[Problem to work on]
The lines to be extracted run from the start of the listing through the line containing "大きなひまわりが咲くように土の手入れを入念に。"; copy them exactly and nothing else.
--- Source records ---
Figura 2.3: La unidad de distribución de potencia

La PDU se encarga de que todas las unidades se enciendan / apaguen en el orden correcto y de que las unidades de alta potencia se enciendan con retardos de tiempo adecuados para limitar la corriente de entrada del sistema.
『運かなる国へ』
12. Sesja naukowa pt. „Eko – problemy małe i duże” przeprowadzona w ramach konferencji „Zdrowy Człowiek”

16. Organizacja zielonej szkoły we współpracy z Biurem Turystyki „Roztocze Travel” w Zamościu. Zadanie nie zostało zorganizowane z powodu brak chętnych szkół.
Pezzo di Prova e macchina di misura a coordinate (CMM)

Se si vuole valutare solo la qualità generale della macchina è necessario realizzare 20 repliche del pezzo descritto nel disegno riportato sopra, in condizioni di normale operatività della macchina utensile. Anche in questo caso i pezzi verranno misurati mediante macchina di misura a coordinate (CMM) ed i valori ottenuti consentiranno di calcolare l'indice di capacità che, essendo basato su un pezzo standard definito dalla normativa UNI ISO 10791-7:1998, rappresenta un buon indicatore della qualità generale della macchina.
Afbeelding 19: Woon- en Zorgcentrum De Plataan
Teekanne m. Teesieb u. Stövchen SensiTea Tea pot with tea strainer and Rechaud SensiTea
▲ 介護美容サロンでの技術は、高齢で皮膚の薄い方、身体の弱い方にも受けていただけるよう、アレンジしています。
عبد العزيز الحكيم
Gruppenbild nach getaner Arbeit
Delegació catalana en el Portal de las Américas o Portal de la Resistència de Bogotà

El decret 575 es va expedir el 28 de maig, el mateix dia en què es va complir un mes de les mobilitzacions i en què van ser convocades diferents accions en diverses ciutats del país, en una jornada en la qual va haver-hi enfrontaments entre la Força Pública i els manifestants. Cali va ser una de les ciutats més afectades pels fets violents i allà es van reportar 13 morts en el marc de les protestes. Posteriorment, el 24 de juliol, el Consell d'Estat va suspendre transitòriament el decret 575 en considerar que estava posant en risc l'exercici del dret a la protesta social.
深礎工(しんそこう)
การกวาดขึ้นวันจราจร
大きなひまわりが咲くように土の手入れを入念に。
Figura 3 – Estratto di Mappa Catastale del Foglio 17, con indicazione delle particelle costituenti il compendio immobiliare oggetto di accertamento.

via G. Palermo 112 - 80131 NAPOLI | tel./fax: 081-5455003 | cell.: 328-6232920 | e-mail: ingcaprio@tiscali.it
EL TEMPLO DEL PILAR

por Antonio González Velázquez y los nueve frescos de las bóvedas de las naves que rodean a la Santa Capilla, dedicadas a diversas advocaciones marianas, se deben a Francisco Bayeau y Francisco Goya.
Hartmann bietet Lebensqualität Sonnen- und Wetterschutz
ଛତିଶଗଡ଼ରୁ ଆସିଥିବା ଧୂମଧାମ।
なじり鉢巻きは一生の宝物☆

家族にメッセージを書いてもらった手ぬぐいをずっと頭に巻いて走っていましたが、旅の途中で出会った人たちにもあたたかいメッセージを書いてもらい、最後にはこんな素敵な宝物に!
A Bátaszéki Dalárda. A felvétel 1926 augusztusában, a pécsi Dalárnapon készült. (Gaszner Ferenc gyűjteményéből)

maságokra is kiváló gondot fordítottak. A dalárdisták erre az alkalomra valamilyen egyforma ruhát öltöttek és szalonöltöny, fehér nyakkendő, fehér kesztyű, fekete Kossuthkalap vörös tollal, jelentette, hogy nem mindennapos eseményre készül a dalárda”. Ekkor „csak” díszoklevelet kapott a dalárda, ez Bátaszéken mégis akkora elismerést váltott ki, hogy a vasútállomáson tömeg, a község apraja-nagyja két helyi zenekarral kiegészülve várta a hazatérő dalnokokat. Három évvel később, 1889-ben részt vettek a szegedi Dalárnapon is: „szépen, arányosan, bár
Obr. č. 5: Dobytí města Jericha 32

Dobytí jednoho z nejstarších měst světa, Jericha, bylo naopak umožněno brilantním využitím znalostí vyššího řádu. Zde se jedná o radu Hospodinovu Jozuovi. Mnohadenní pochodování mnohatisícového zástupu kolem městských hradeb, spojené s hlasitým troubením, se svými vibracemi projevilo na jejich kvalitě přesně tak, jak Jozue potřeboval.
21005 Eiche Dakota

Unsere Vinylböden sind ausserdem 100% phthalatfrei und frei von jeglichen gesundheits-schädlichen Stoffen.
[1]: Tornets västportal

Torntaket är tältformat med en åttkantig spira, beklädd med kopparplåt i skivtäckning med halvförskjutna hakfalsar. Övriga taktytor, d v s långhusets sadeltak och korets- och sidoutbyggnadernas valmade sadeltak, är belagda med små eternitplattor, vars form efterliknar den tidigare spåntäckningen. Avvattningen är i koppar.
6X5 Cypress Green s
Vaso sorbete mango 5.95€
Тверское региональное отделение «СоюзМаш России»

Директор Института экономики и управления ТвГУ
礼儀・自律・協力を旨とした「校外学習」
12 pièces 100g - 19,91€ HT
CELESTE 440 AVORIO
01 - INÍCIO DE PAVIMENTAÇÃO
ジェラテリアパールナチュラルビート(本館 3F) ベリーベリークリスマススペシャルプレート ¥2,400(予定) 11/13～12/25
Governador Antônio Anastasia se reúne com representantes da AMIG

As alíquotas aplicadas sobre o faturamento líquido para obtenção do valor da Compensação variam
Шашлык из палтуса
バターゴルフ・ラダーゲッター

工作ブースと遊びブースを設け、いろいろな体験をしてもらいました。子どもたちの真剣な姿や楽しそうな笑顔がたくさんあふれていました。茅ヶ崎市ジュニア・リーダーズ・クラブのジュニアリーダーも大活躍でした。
---
[Expected output]
Figura 2.3: La unidad de distribución de potencia

La PDU se encarga de que todas las unidades se enciendan / apaguen en el orden correcto y de que las unidades de alta potencia se enciendan con retardos de tiempo adecuados para limitar la corriente de entrada del sistema.
『運かなる国へ』
12. Sesja naukowa pt. „Eko – problemy małe i duże” przeprowadzona w ramach konferencji „Zdrowy Człowiek”

16. Organizacja zielonej szkoły we współpracy z Biurem Turystyki „Roztocze Travel” w Zamościu. Zadanie nie zostało zorganizowane z powodu brak chętnych szkół.
Pezzo di Prova e macchina di misura a coordinate (CMM)

Se si vuole valutare solo la qualità generale della macchina è necessario realizzare 20 repliche del pezzo descritto nel disegno riportato sopra, in condizioni di normale operatività della macchina utensile. Anche in questo caso i pezzi verranno misurati mediante macchina di misura a coordinate (CMM) ed i valori ottenuti consentiranno di calcolare l'indice di capacità che, essendo basato su un pezzo standard definito dalla normativa UNI ISO 10791-7:1998, rappresenta un buon indicatore della qualità generale della macchina.
Afbeelding 19: Woon- en Zorgcentrum De Plataan
Teekanne m. Teesieb u. Stövchen SensiTea Tea pot with tea strainer and Rechaud SensiTea
▲ 介護美容サロンでの技術は、高齢で皮膚の薄い方、身体の弱い方にも受けていただけるよう、アレンジしています。
عبد العزيز الحكيم
Gruppenbild nach getaner Arbeit
Delegació catalana en el Portal de las Américas o Portal de la Resistència de Bogotà

El decret 575 es va expedir el 28 de maig, el mateix dia en què es va complir un mes de les mobilitzacions i en què van ser convocades diferents accions en diverses ciutats del país, en una jornada en la qual va haver-hi enfrontaments entre la Força Pública i els manifestants. Cali va ser una de les ciutats més afectades pels fets violents i allà es van reportar 13 morts en el marc de les protestes. Posteriorment, el 24 de juliol, el Consell d'Estat va suspendre transitòriament el decret 575 en considerar que estava posant en risc l'exercici del dret a la protesta social.
深礎工(しんそこう)
การกวาดขึ้นวันจราจร
大きなひまわりが咲くように土の手入れを入念に。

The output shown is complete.